The "Pioneer" Accelerator pitch day arrived.
The auditorium at P.T.U.'s innovation center was packed.
Anxious student founders, faculty, a few local tech journalists.
And us, the judges, on a raised platform at the front.
I sat in the center, flanked by a seasoned P.T.U. engineering professor and a successful alum who'd IPO'd her company last year.
My role today was crucial. Our firm was putting up significant seed money.
I scanned the program. Mark Jenkins was scheduled third.
My stomach twisted a little. Chris and I had decided I wouldn't recuse. His application was weak; he wouldn't make the cut regardless. Confronting him privately before this felt wrong, like I was trying to silence him because of his posts.

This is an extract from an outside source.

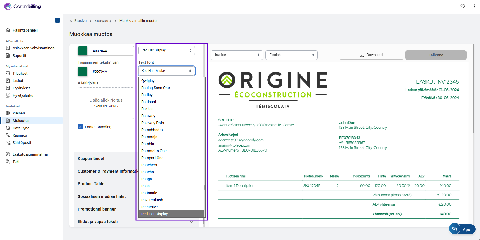 Laskujen fonttien mukauttaminen auttaa sinua ylläpitämään brändisi johdonmukaisuutta ja varmistamaan, että jokainen lähettämäsi asiakirja heijastaa yrityksesi visuaalista identiteettiä. CommBillingissä voit helposti säätää laskuissa käytettävää fonttityyliä niin, että se vastaa yrityksesi tyyliä ja suunnitteluprefenssejä, mikä luo ammattimaisemman ja henkilökohtaisemman ulkoasun.
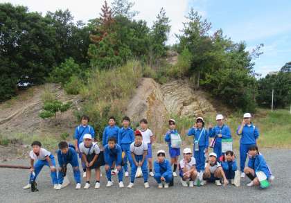 余木崎海岸では、砂岩とけつ岩(泥岩の仲間)が交互に何度も積もっている様子を観察したり、採取したりして、触感や見た目、色などを詳しく調べることができました。

The first two pitches were solid. Good ideas, nervous presenters.
Then, Mark Jenkins walked onto the stage.
He looked confident, almost arrogant, in a slightly-too-sharp suit.
He started his presentation, a generic pitch for a social media analytics tool.
His eyes scanned the judges' table as he spoke.
They passed over Professor Davies, then Anya Sharma.
Then they landed on me.
He stopped. Mid-sentence.
His smile froze.
His eyes widened, just a fraction. Recognition. Disbelief.
Then, something else. Panic.
He faltered, losing his place in his slides.
"Uh... so, our projections... our projections show..."
He stared at me, his face slowly turning red.
The room was silent. Everyone could feel the shift.
He knew. He knew who I was.
And he knew I was about to judge his "bootstrapped hustle."